I guess I’ve just implied that as much as I want to hate literalism, I can’t even do that. Which of course leads me to make my next shocking admission about the champion of literalism, phallocracy. Though my passionate commitment to the Drivetime and all it stands for sometimes requires me to act AS IF phallocracy is nothing but an evil poison and AS IF the Menstru
al Temple of the Funky Grail is the safest and most effective antidote, and though my personal temperament resonates intimately with the subtle themes of the Menstrual Temple of the Funky Grail, I also know with all my heart that the six thousand-year-old experiment known as phallocracy was an inevitable and necessary phase of the evolution of the human race.
Yes, I’m ready for it to be gone now; I want its ugliest creations to die off; I detest its violence and oppression and sickening abuse of the feminine. But I recognize too the beauty of its individuating force, its striving to explore and transcend and expand, its celebration of the rational, analytical mind, and its mysterious struggle to master nature.
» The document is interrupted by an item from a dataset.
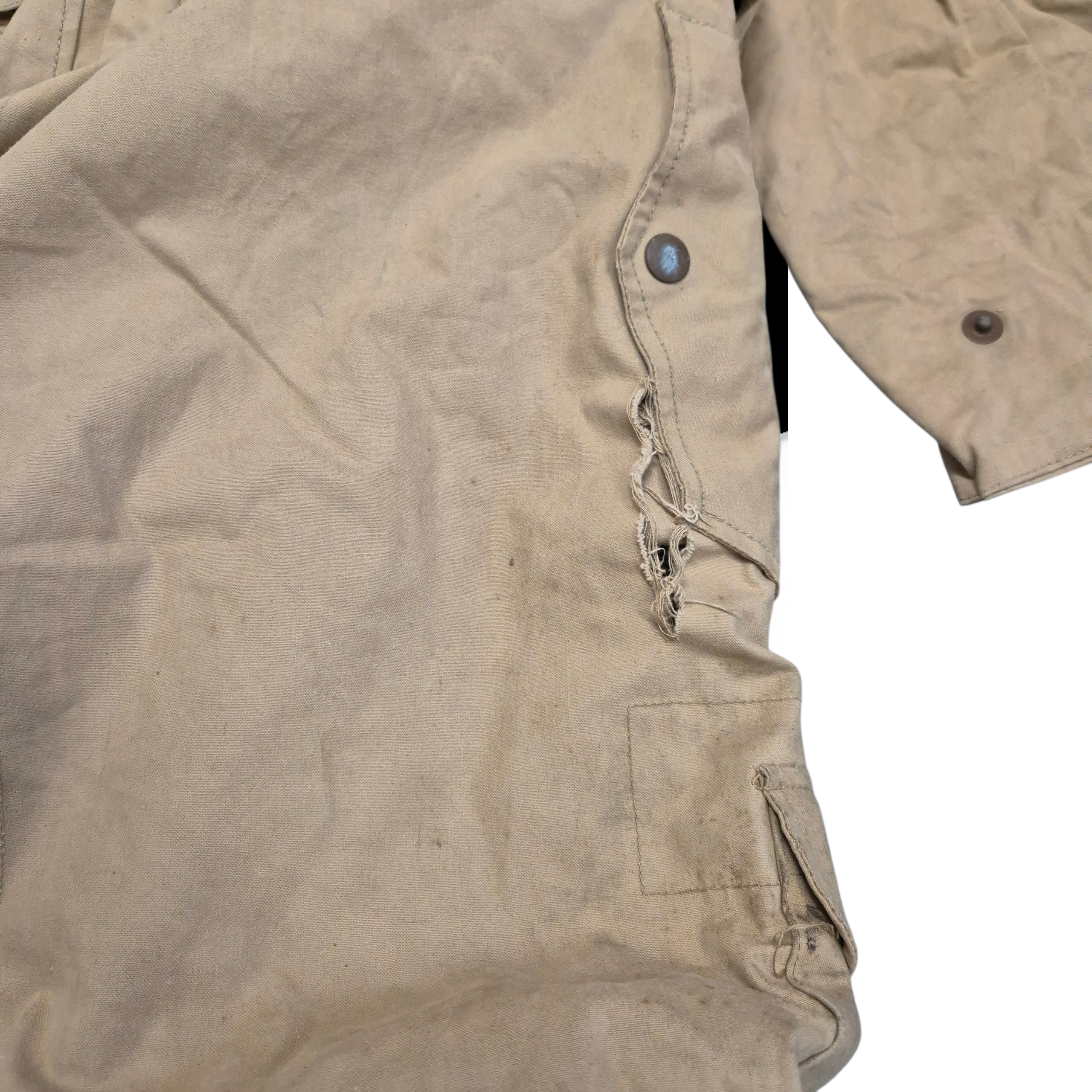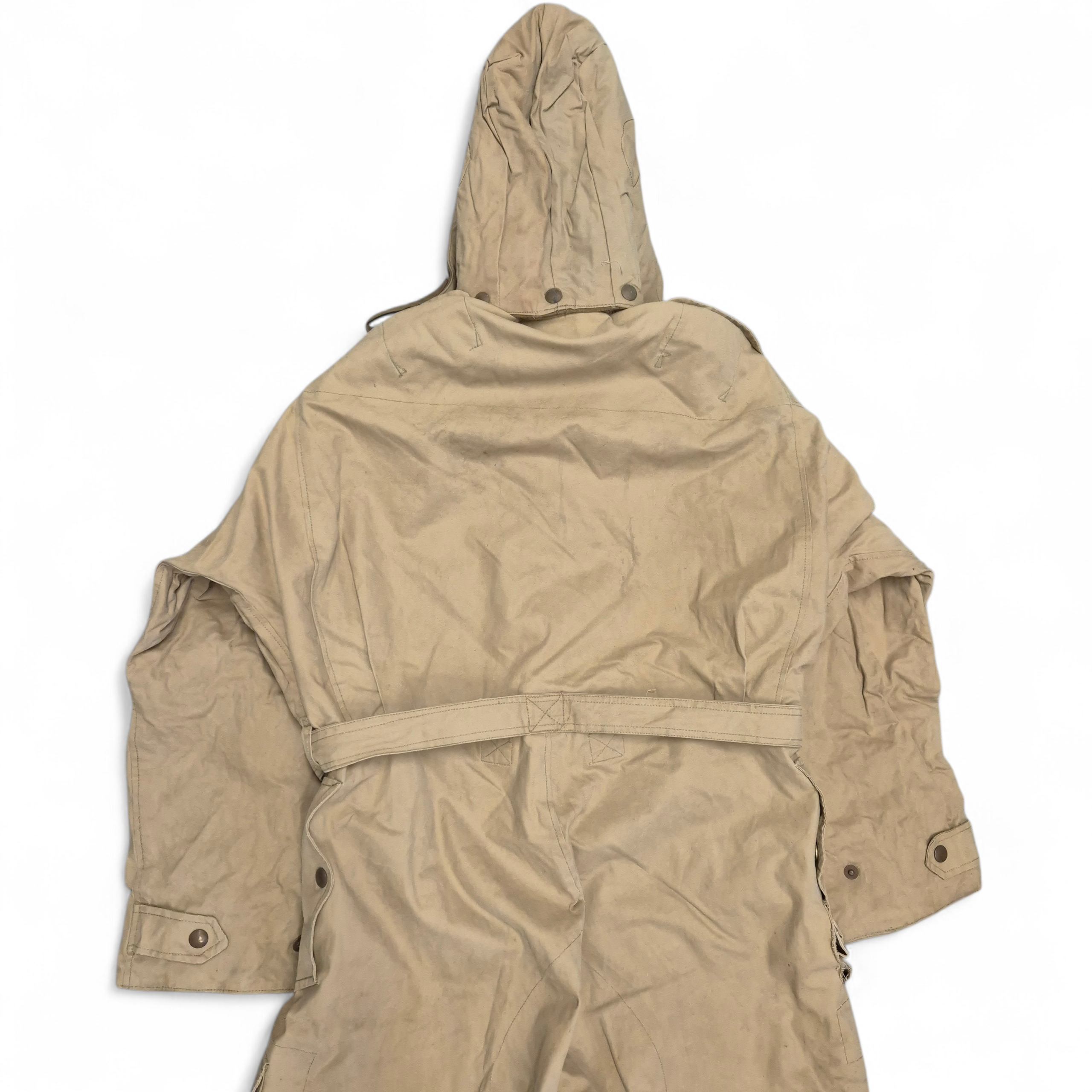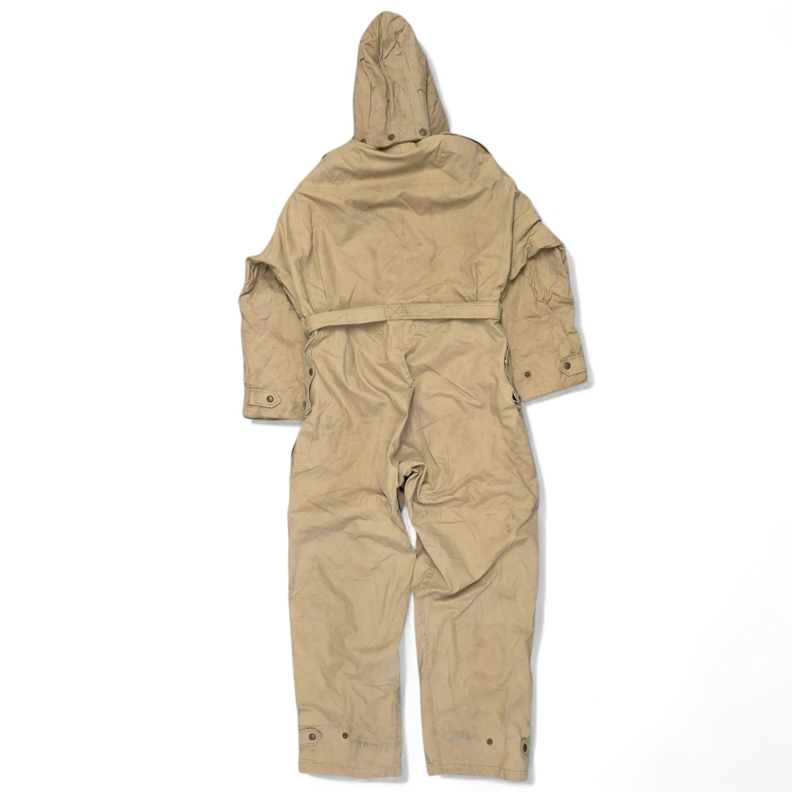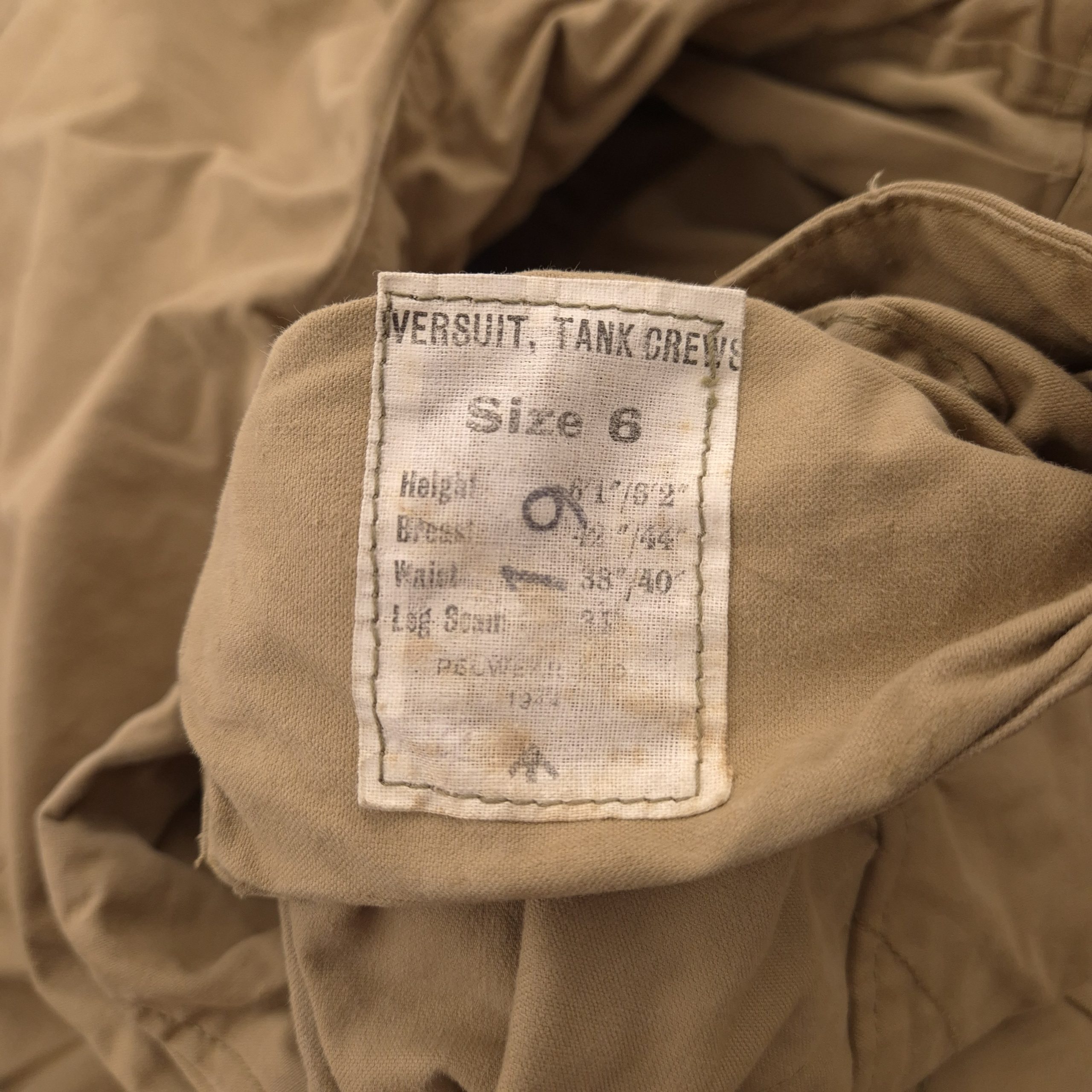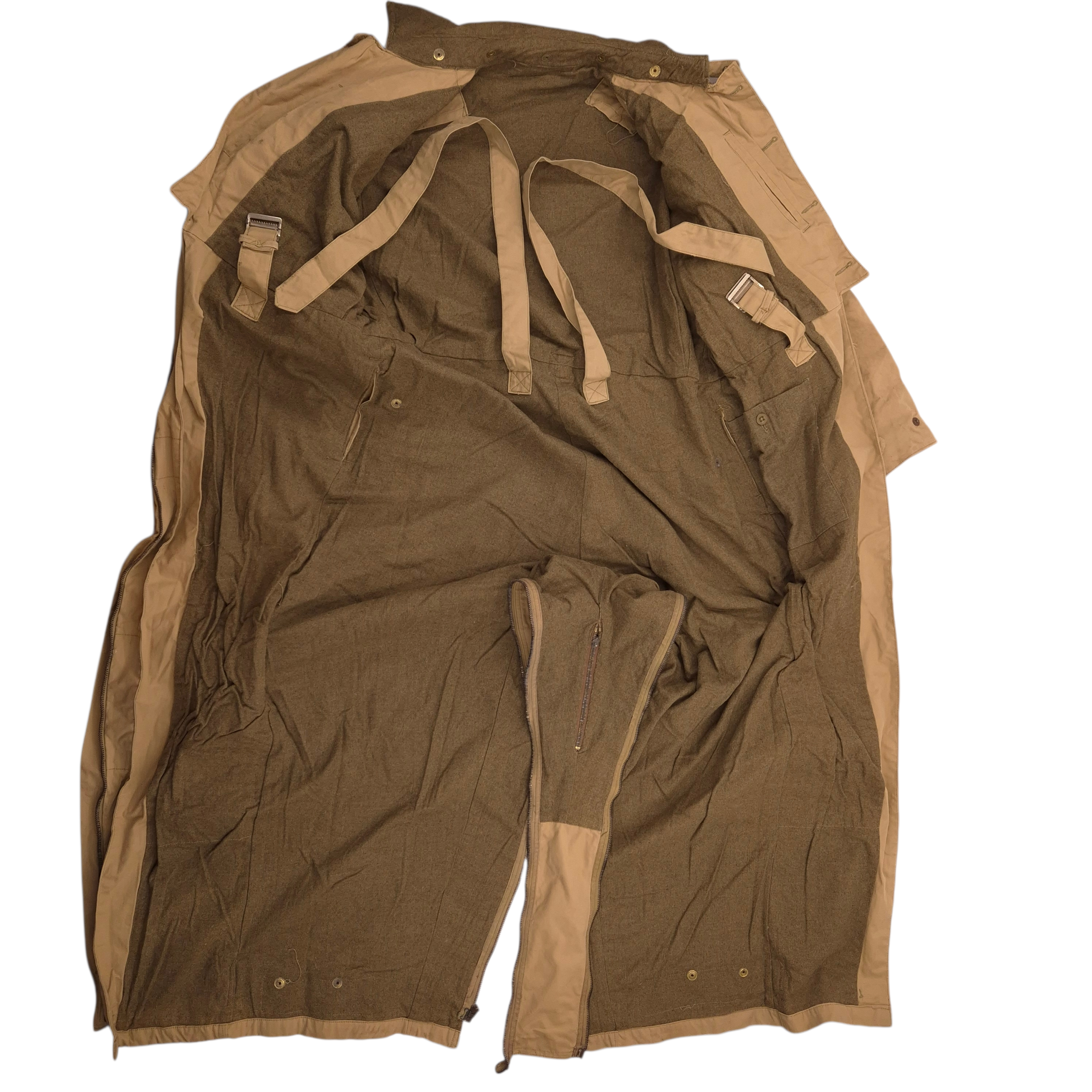 Original WWII British (Canadian) Tank Crew Oversuit with its hood. The khaki-colored oversuit, also known as the “Pixie Suit,” in very good and clean condition. Complete with all original functional zippers (may benefit from some lubrication) and Newey brass press-studs. Includes original inner braces and its original maker’s label, large size 6, dated 1944. Issued to British, Canadian, and Polish armoured troops. he hood retains its drawstring, two plastic buttons, and all press-studs. The suit has damage to the right rear.

I die daily. And saying what I just said about the redemptive features of phallocracy is a decent death for the first part of the day. But it’s just for starters. It comes all too naturally. It’s easy destruction. Hardly mourned. Good riddance. How about if I dare myself to kill even more lethal treasures; force myself even further into the threshold where dear life rots away and smuggles a message of resurrection back through time?
Do you dare me to tell you more of the story of my life, beauty and truth fans, thereby killing my cherished privacy and self-protectiveness? Thereby incinerating the superstitious fear I have that in telling you my story I will diminish its magic and potency?
Do you double-dare me to burn down my childlike cocoon, to slaughter the perfect fantasy about my life story that I and everyone who loves me have been all too eager to nurture?
I do. Dare me. Even if you won’t, I double-dare myself to tell you profound secrets about my life that you might criticize or disbelieve or satirize, or worst of all, that you might not be particularly interested in. I triple-dare myself to expose to you everything that’s true and holy about my experience, knowing that whether you treat it like treasure or garbage, I will have annihilated forever the sweet protective seal I have built around my life, the bubble of protection that has always preserved my innocent infantile belief that my life is important and righteous and good.